What you need to do:
In the records below, the lines between the one holding "Table de salle" and the one holding "Majestic bald eagle", inclusive, are to be transcribed exactly; no pictures are to be included.

+++ Record extracts

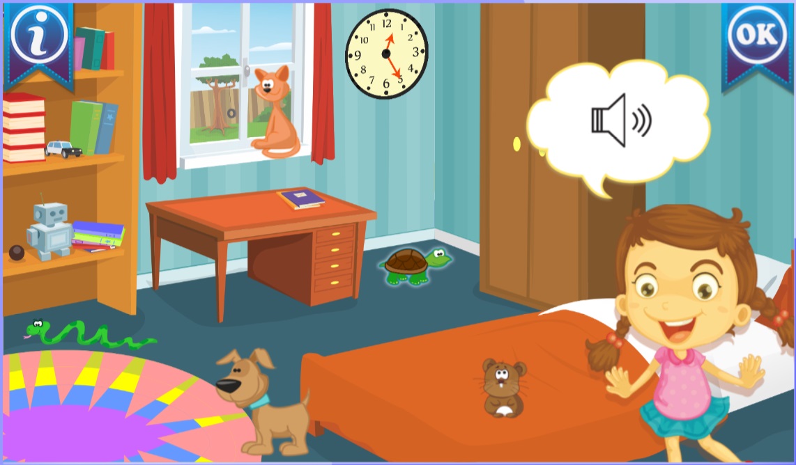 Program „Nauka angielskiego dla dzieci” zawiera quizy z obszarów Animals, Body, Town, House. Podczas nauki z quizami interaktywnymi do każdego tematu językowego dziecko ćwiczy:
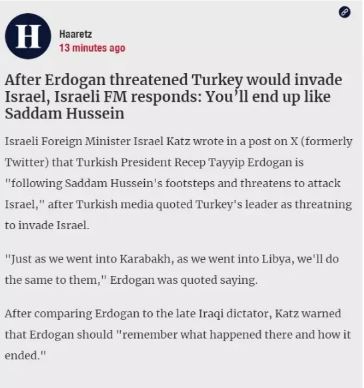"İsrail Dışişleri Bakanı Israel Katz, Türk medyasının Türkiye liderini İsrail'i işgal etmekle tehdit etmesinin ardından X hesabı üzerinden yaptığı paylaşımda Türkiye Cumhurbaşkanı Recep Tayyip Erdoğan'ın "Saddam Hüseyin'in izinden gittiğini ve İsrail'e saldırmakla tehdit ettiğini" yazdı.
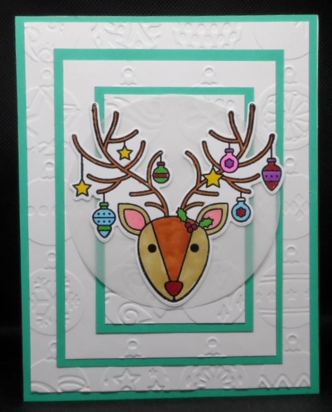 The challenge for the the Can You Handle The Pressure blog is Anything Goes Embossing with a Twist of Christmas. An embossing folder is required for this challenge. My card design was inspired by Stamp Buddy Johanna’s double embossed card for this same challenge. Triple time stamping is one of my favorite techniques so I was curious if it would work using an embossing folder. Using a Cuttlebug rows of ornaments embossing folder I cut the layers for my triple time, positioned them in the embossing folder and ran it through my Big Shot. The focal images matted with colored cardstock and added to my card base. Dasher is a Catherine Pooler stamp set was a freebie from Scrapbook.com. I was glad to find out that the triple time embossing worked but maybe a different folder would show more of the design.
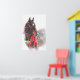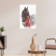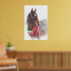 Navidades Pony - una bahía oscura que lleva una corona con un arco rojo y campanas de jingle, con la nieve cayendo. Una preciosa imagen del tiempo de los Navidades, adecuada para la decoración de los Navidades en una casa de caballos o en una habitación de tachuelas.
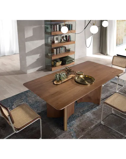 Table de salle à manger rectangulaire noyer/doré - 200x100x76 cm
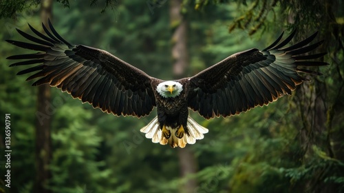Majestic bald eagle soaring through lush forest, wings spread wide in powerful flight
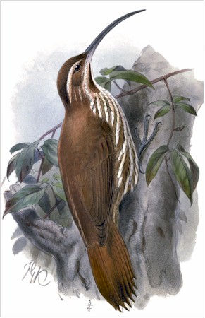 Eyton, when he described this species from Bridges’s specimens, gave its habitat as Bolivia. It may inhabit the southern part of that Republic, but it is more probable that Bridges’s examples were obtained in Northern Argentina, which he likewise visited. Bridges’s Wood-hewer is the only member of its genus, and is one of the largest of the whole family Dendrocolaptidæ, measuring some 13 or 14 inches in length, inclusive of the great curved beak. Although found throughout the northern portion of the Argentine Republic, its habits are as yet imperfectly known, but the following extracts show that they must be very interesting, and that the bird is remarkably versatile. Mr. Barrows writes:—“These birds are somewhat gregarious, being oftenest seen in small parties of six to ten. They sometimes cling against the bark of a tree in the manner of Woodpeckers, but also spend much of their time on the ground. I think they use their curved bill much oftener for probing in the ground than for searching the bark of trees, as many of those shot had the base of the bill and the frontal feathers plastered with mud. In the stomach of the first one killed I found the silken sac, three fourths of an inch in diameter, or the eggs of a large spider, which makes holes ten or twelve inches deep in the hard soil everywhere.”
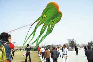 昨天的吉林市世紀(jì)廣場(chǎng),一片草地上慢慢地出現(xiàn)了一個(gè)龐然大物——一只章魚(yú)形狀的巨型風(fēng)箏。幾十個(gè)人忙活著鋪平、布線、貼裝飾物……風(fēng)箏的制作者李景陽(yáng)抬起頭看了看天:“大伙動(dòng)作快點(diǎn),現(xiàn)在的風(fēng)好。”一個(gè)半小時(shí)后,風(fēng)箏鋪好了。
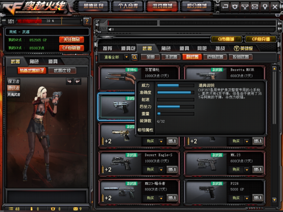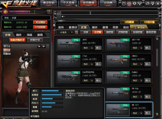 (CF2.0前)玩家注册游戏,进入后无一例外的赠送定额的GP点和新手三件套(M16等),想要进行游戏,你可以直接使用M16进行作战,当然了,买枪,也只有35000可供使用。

++++++

Solution to this task:
 Table de salle à manger rectangulaire noyer/doré - 200x100x76 cm
Majestic bald eagle soaring through lush forest, wings spread wide in powerful flight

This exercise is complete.